» To do
Output all entries precisely and leave out the pictures.

» Record extracts
↓

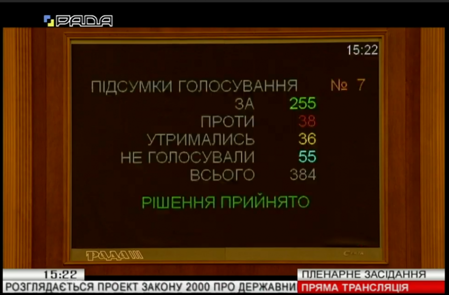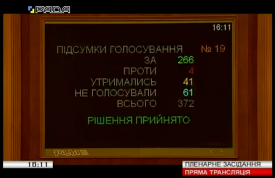 Проект Постанови було прийнято 256 голосами за основу та 255 голосами - в цілому.
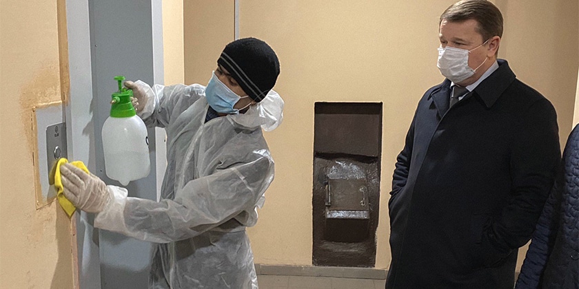 «В нашем городе дезинфекция подъездов⠀выполняется ежедневно. Управляющие компании, ТСЖ и ЖСК обрабатывают полы, почтовые ящики, входные группы, домофоны, лифты и перила. В Жуковском располагается 595 домов и 1735 подъездов, и все их необходимо продезинфицировать», — цитирует телеграм-канал «Жуковский.Online» Ю.Прохорова. ⠀
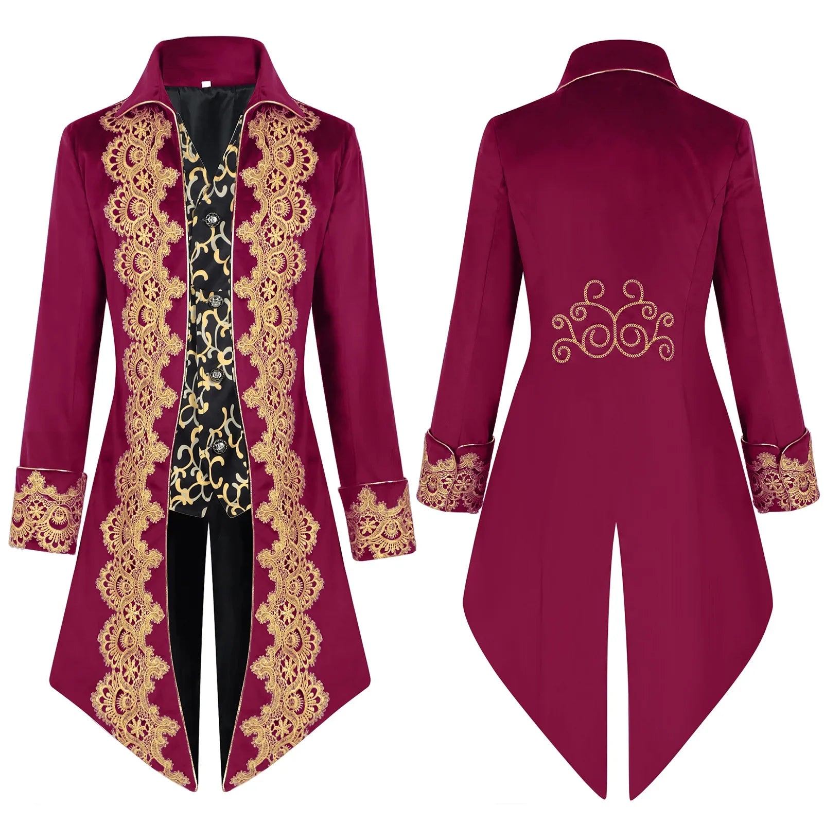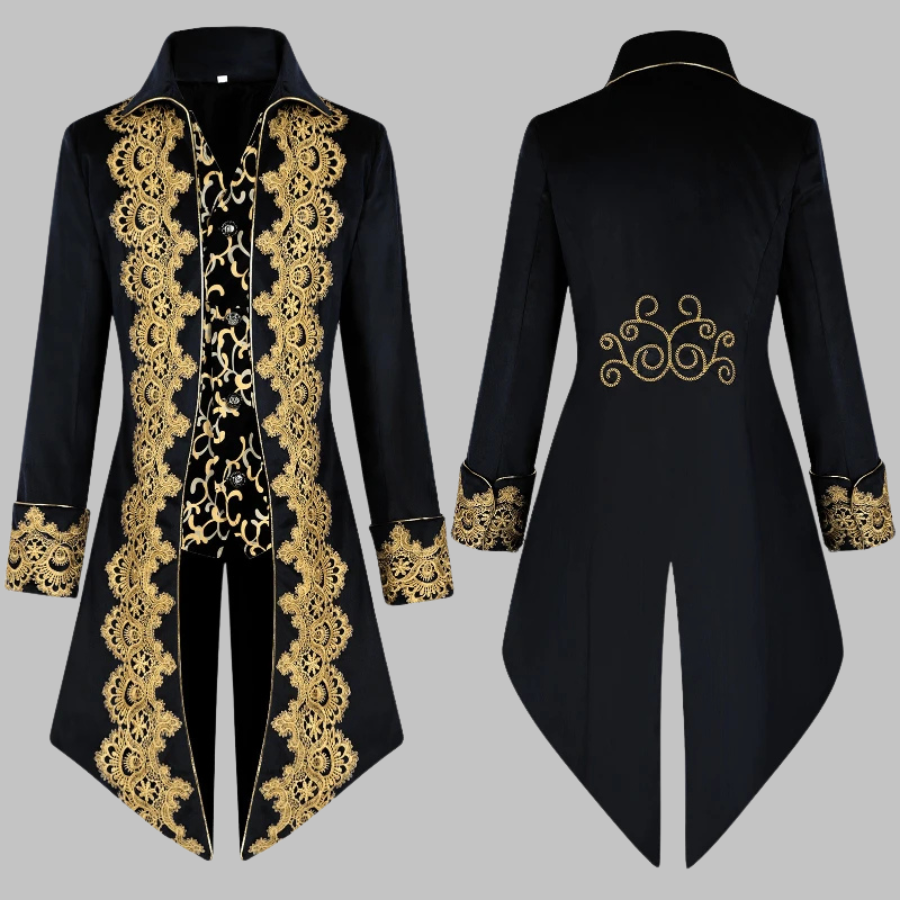 Barokkstiilis gooti pintsak kuldse pitsiga meestele
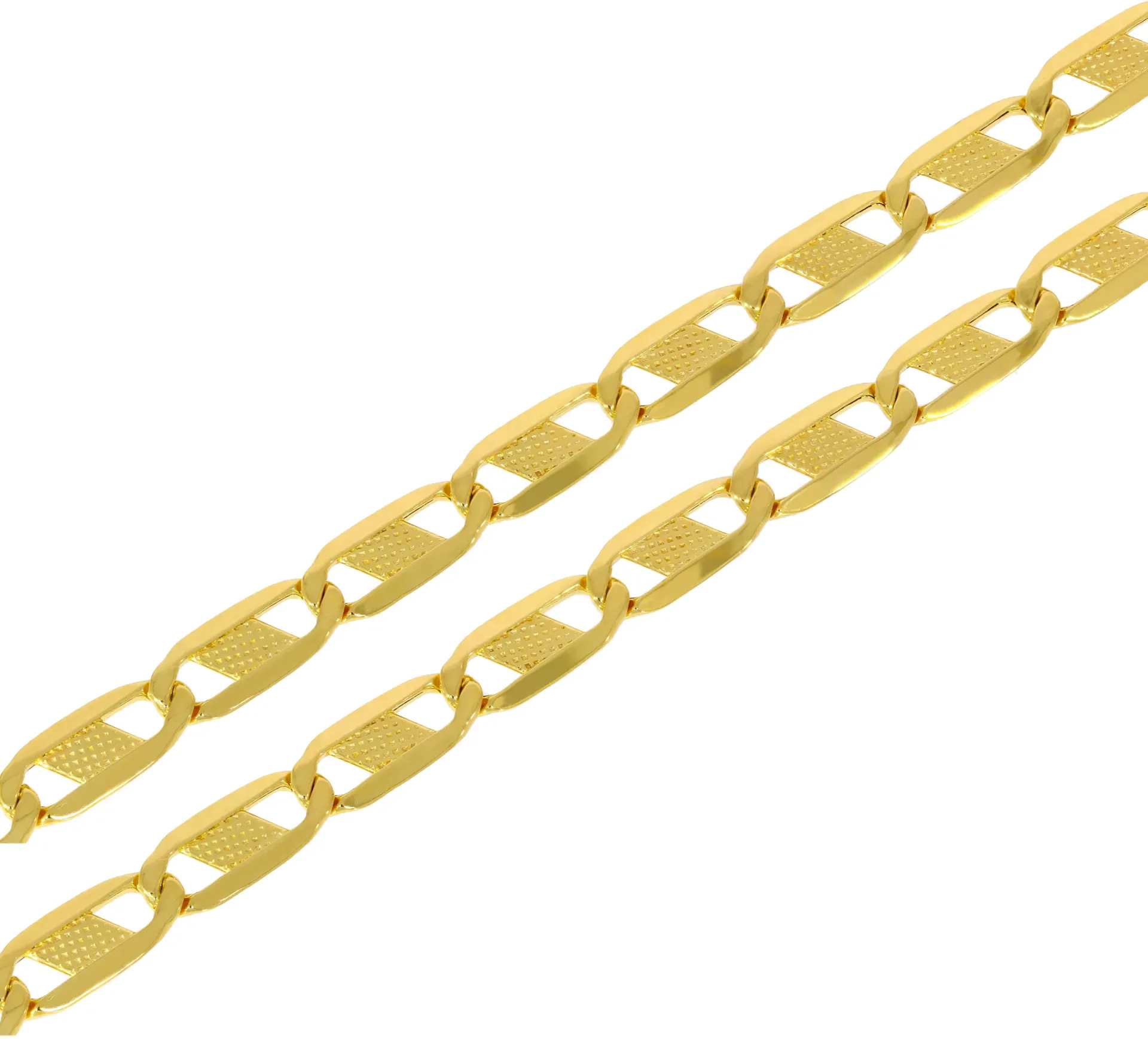 Zlatá retiazka má podlhovasté očká zdobené šikmými platničkami s gravírovaným vzorom.
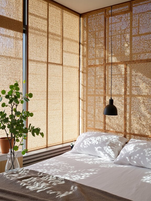 Woven rattan wall panels add organic texture and warmth to Scandinavian bedroom designs while preserving a light, natural aesthetic. These handcrafted panels integrate seamlessly with minimalist décor, creating subtle visual interest through their interwoven patterns and dimensional qualities.
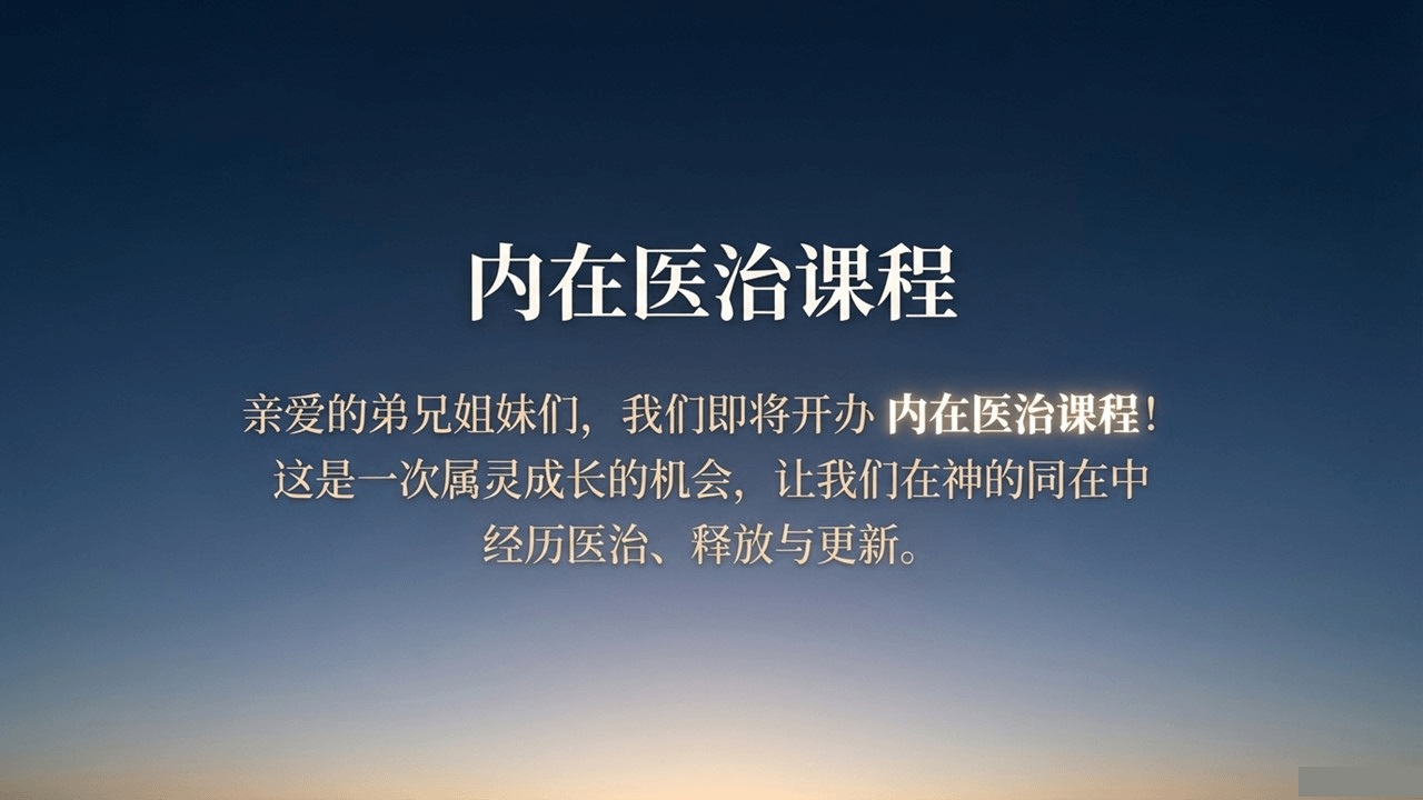 亲爱的弟兄姐妹们,我们即将开办“内在医治课程”!这是一次宝贵的属灵成长机会,邀请大家一同参与。在神的同在中,我们将学习更深经历祂的爱与医治,领受从主而来的释放、更新与恢复。本课程将围绕我们日常生活中的情绪与反应展开,帮助我们认识自己的内在反应模式,了解这些反应背后的根源,并学习如何在主的带领下面对与处理负面的情绪与习惯性反应。
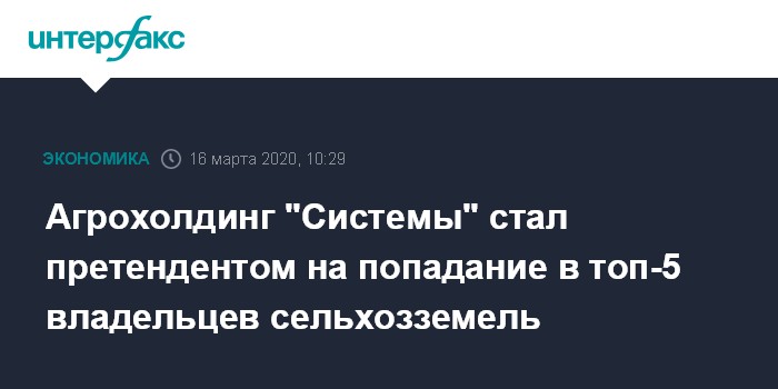 Агрохолдинг "Системы" стал претендентом на попадание в топ-5 владельцев сельхозземель
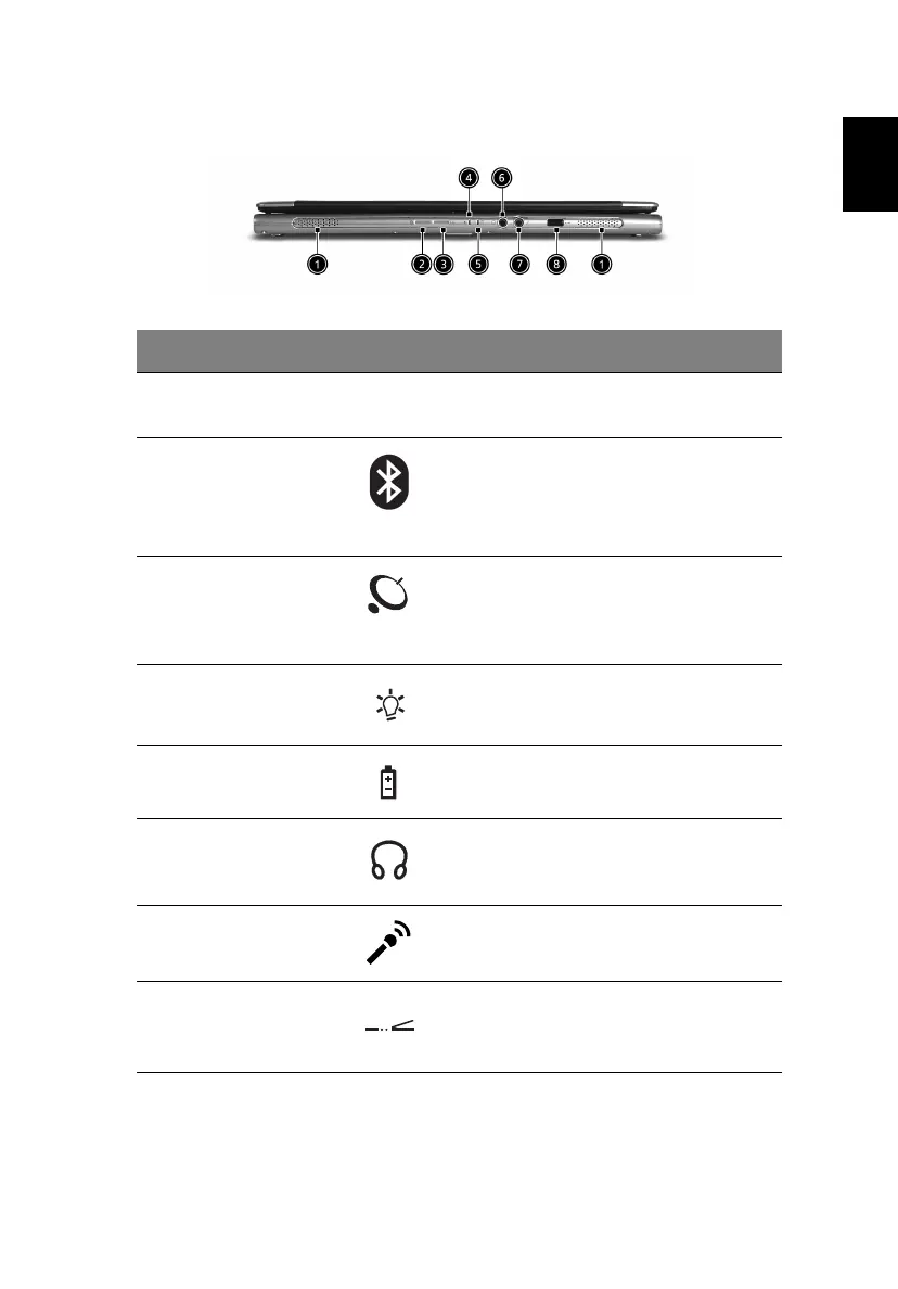 4 Power indicator Lights when the computer is on.

↑

» Response to the exercise
 Проект Постанови було прийнято 256 голосами за основу та 255 голосами - в цілому.
 «В нашем городе дезинфекция подъездов⠀выполняется ежедневно. Управляющие компании, ТСЖ и ЖСК обрабатывают полы, почтовые ящики, входные группы, домофоны, лифты и перила. В Жуковском располагается 595 домов и 1735 подъездов, и все их необходимо продезинфицировать», — цитирует телеграм-канал «Жуковский.Online» Ю.Прохорова. ⠀
 Barokkstiilis gooti pintsak kuldse pitsiga meestele
 Zlatá retiazka má podlhovasté očká zdobené šikmými platničkami s gravírovaným vzorom.
 Woven rattan wall panels add organic texture and warmth to Scandinavian bedroom designs while preserving a light, natural aesthetic. These handcrafted panels integrate seamlessly with minimalist décor, creating subtle visual interest through their interwoven patterns and dimensional qualities.
 亲爱的弟兄姐妹们,我们即将开办“内在医治课程”!这是一次宝贵的属灵成长机会,邀请大家一同参与。在神的同在中,我们将学习更深经历祂的爱与医治,领受从主而来的释放、更新与恢复。本课程将围绕我们日常生活中的情绪与反应展开,帮助我们认识自己的内在反应模式,了解这些反应背后的根源,并学习如何在主的带领下面对与处理负面的情绪与习惯性反应。
 Агрохолдинг "Системы" стал претендентом на попадание в топ-5 владельцев сельхозземель
 4 Power indicator Lights when the computer is on.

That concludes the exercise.